Stiftung Warentest prüft Onlineprogramme bei psychischen Erkrankungen

Berlin – Einige Onlineprogramme gegen Depressionen können Betroffenen helfen. Dieses Urteil trifft die Stiftung Warentest, die für ihre Zeitschrift Test acht Angebote prüfte und vier davon als empfehlenswert einstufte. Sie überzeugten demnach beim Konzept, auch Studien hätten die Wirksamkeit der Programme belegt.
Drei weitere Onlineangebote sind demnach „eingeschränkt empfehlenswert“. Für ein Programm einer großen Krankenkasse gab es keine Bewertung, weil die Tester nach eigenen Angaben keinen Zugang für die Untersuchung bekamen. Die Testergebnisse wurden in der aktuellen Juli-Ausgabe der Zeitschrift Test und online unter www.test.de/online-psychotherapie veröffentlicht.
Onlineprogramme gegen Depressionen bieten oft mehrere Module an, die Anwender ein- bis zweimal pro Woche bearbeiten. Viele Programme stützen sich stark auf die kognitive Verhaltenstherapie. Die Bearbeitung geschieht größtenteils schriftlich, aber auch über interaktive Elemente wie Videos. Nutzer werden häufig direkt angesprochen, bekommen Hintergrundinformationen und Fragen.

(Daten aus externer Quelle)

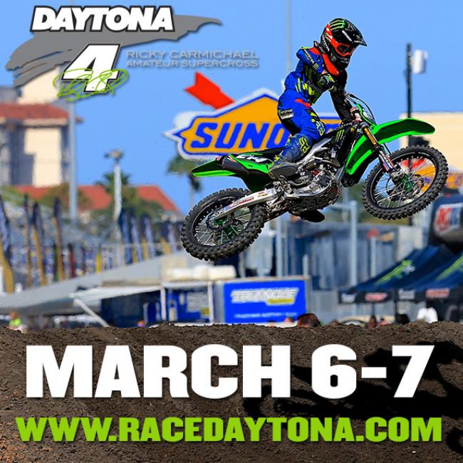 Sign up now for the 2016 Ricky Carmichael Daytona Amateur Supercross at racedaytona.com. Spots are going fast, don’t miss this opportunity to race in the World Center of Speed at Daytona International Speedway.
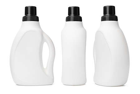Black Detergent plastic bottle with chemical cleaning product isolated on white background.
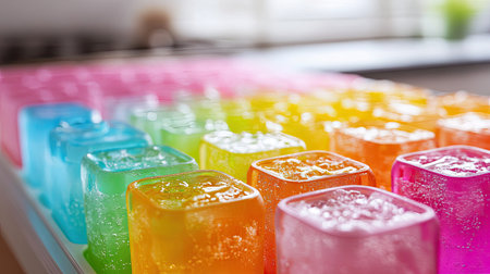 A close-up shot of a colorful silicone ice cube tray filled with sparkling water, ready to freeze, showcasing the vibrant hues against a bright kitchen background.
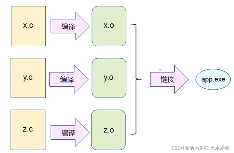 如下图所示,.o 为目标文件,链接器将不同的目标文件装配组合在一起形成一个可执行文件。
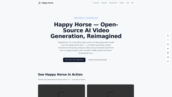 Happy Horse 1.0は、同期音声、多言語リップシンク、驚くべき1080p出力を提供する革新的なオープンソースのAIビデオ生成モデルです。Happy Horseを使って、わずか数秒で映画品質のビデオを作成する方法を発見してください。
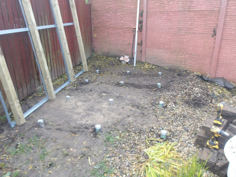 Protože se psí kotec montoval v nerovném terénu, tak bylo nutné místo klasických betonových patek použít výškově stavitelné zemní vruty BAYO.S, které zajišťují stabilní a rychlý základ bez nutnosti betonování. U kotce je zásadní, aby jeho podlaha byla v naprosté rovině, a právě stavitelné vruty umožňují doladit výšku s milimetrovou přesností. Každý vrut byl zavrtán přesně podle předem připraveného rozkresu, aby následná konstrukce perfektně seděla.
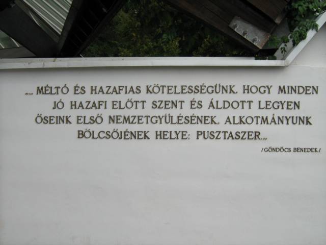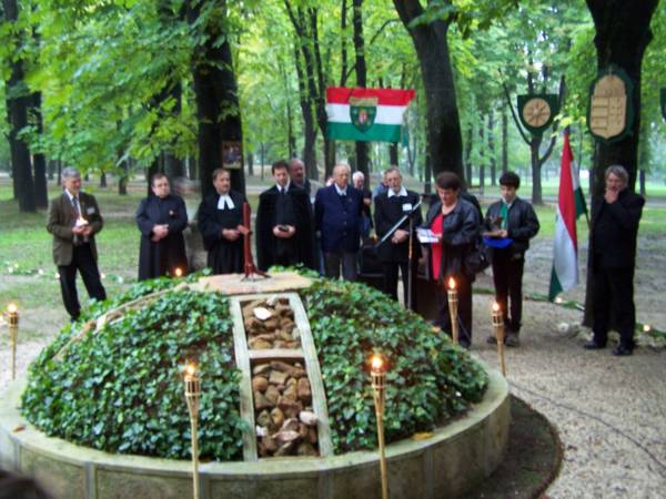 Létrehozták mindazt, amit itt látunk, s mellettünk a magyarság emlékdombját, felépítették a szabadtéri oltár tetőszerkezetét, és tekintélyt parancsoló torockói kopjafát állítottak. Úgy hiszem, ma ezzel a három jelképpel teljessé és világossá vált az üzenet, melyet Pesthidegkút küld az ország népének.
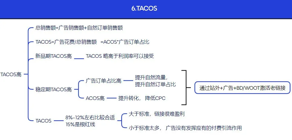TACOS=广告花费/总销售额=ACOS*广告订单占比
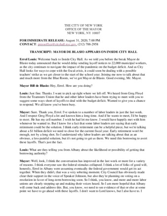 Mayor's Press Release: MAYOR DE BLASIO APPEARS ON INSIDE CITY HALL
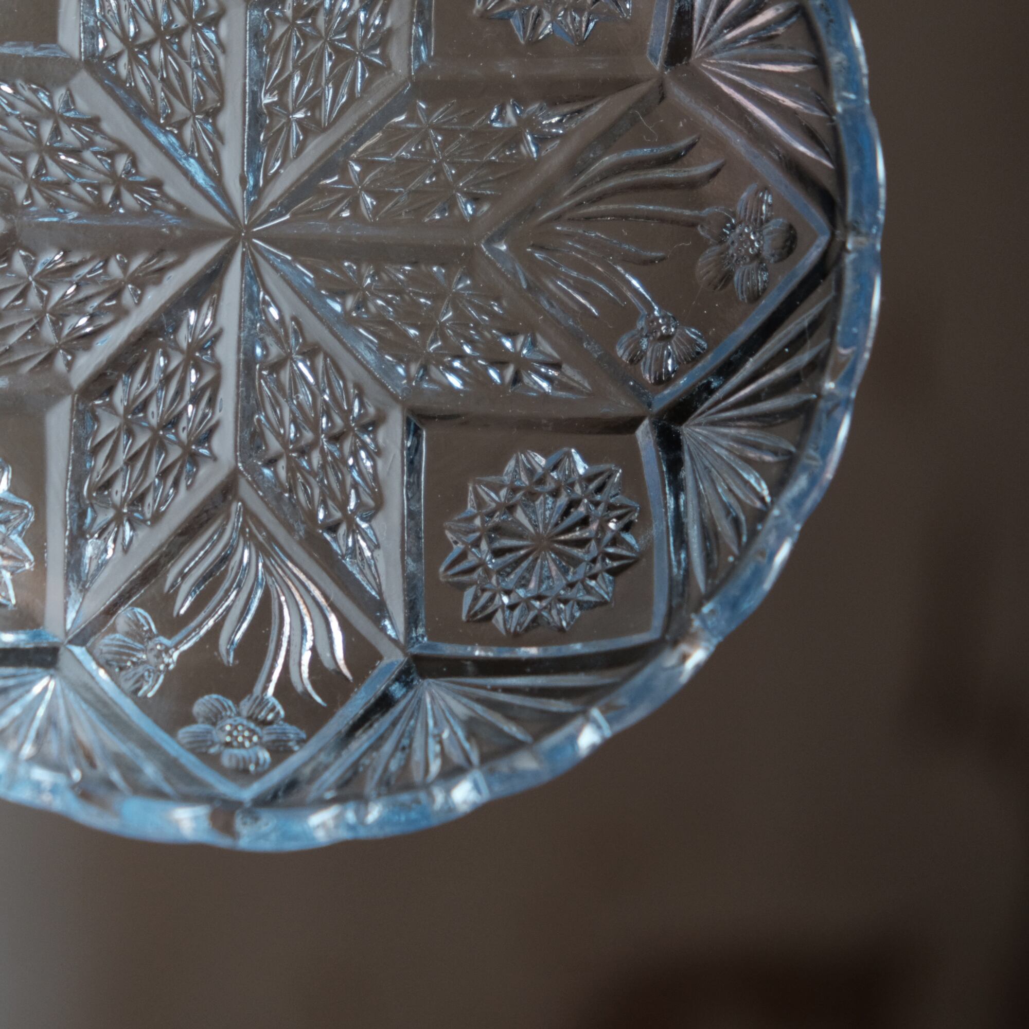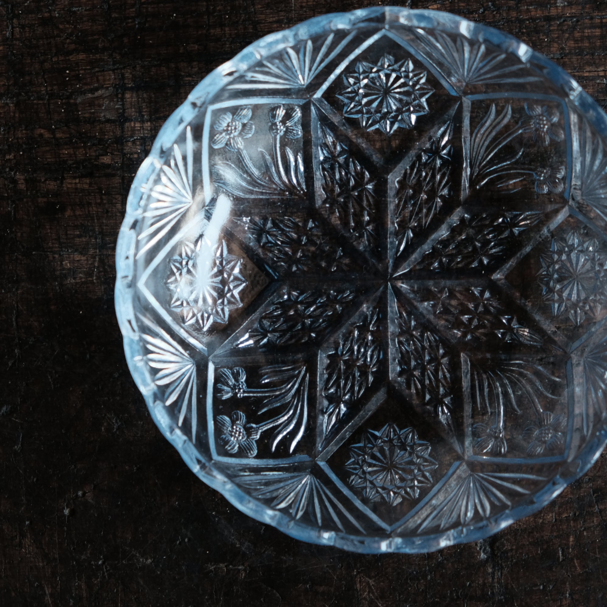 草花が可愛い◆薄い涼しげなブルー。プレスガラス波縁深皿 古民家 古道具 vintage レトロガラス 昭和中期
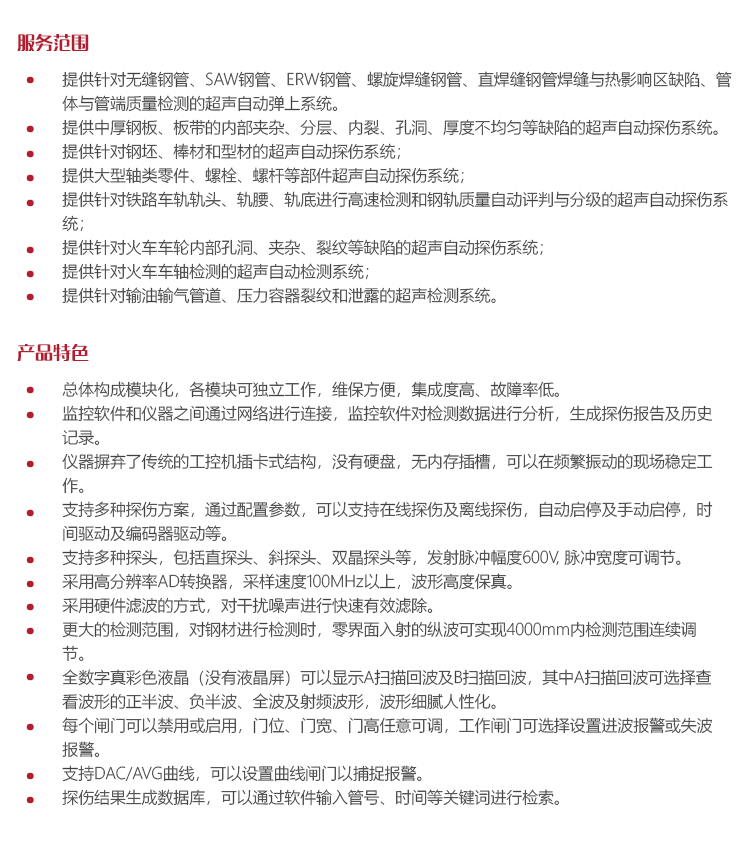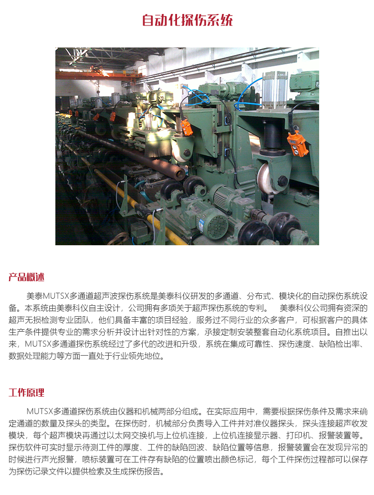 美泰MUTSX多通道超聲波探傷系統(tǒng)是美泰科儀研發(fā)的多通道、分布式、模塊化的自動(dòng)探傷系統(tǒng)設(shè)備。本系統(tǒng)由美泰科儀自主設(shè)計(jì),公司擁有多項(xiàng)關(guān)于超聲探傷系統(tǒng)的專利。 美泰科儀公司擁有資深的超聲無損檢測(cè)專業(yè)團(tuán)隊(duì),他們具備豐富的項(xiàng)目經(jīng)驗(yàn),服務(wù)過不同行業(yè)的眾多客戶,可根據(jù)客戶的具體生產(chǎn)條件提供專業(yè)的需求分析并設(shè)計(jì)出針對(duì)性的方案,承接定制安裝整套自動(dòng)化系統(tǒng)項(xiàng)目。自推出以來,MUTSX多通道探傷系統(tǒng)經(jīng)過了多代的改進(jìn)和升級(jí),系統(tǒng)在集成可靠性、探傷速度、缺陷檢出率、數(shù)據(jù)處理能力等方面一直處于行業(yè)領(lǐng)先地位。

Nach Angaben der Stiftung Warentest prüften zwei psychotherapeutische Gutachter die Angebote unter anderem in Anlehnung an Qualitätskriterien der Deutschen Gesellschaft für Psychologie, der Deutschen Gesellschaft für Psychiatrie und Psychotherapie, Psychosomatik und Nervenheilkunde, des Berufsverbandes Deutscher Psychologinnen und Psychologen und der Bundespsychotherapeutenkammer.
Wichtig sei bei der Prüfung auch gewesen, ob die Programme auf wissenschaftlich anerkannten Verfahren beruhen, ob Inhalte und Einsatzgebiete (wie Symptome und Schweregrad) transparent benannt werden und wie die Entwickler qualifiziert sind.
Die Gutachter berücksichtigten nach Angaben der Stiftung auch Aspekte der Patientensicherheit, etwa ob Anbieter zu den Grenzen und Risiken der Programme informieren. Zu diesem Prüfpunkt zähle auch, ob es Mechanismen wie regelmäßig auszufüllende Fragebögen gibt, um psychische Krisen frühzeitig zu erkennen – und ob dann klare Hinweise erfolgen, wie Betroffene schnell persönliche Hilfe finden. Auch weitere Aspekte wie Finanzierung, Nutzereinbindung und -freundlichkeit seien in das Urteil eingeflossen.
Die Stiftung Warentest weist explizit darauf hin, dass die meisten Angebote nicht für schwere Depressionen gedacht sind. Auch für die genaue Diagnose seien Ärzte und Psychotherapeuten vor Ort wichtig.
Die Bundesvorsitzende der Deutschen Psychotherapeutenvereinigung Barbara Lubisch findet grundsätzlich gut, dass die Stiftung Warentest Online-Programme bei psychischen Erkrankungen nach transparenten Kriterien bewertet. Denn in diesem Bereich gebe es „viel Selbstgestricktes, was absolut nicht empfehlenswert ist“.
Indikation müssen Ärzte und Psychotherapeuten stellen
Sehr wichtig sei allerdings, dass Ärzte und Psychotherapeuten eine Indikation für solche Onlineprogramme stellten. Wenn Krankenkassen ohne eine solche Indikation für die Programme zahlten, oder sie gar offensiv anböten, sei dies nicht in Ordnung.
„Da maßen sich Krankenkassen an, über die Behandlung von beispielsweise Patienten mit Depressionen zu entscheiden – das geht nicht“, erklärt die Psychotherapeutin. Sie wehre sich auch dagegen, dass Onlineprogramme als Psychotherapie bezeichnet würden, denn Therapie sei die Behandlung von krankheitswertigen Störungen.
Grundsätzlich kann sich die DPtV-Vorsitzende die Verwendung von Onlineinterventionen begleitend zur Psychotherapie vorstellen, beispielsweise über eine Verordnung als Hilfsmittel. Auch sollten Ärzte und Psychotherapeuten ihren Patienten Onlineinterventionen als niederschwellige Maßnahme empfehlen können, „wenn sie sie vorher gesehen haben“, so Lubisch.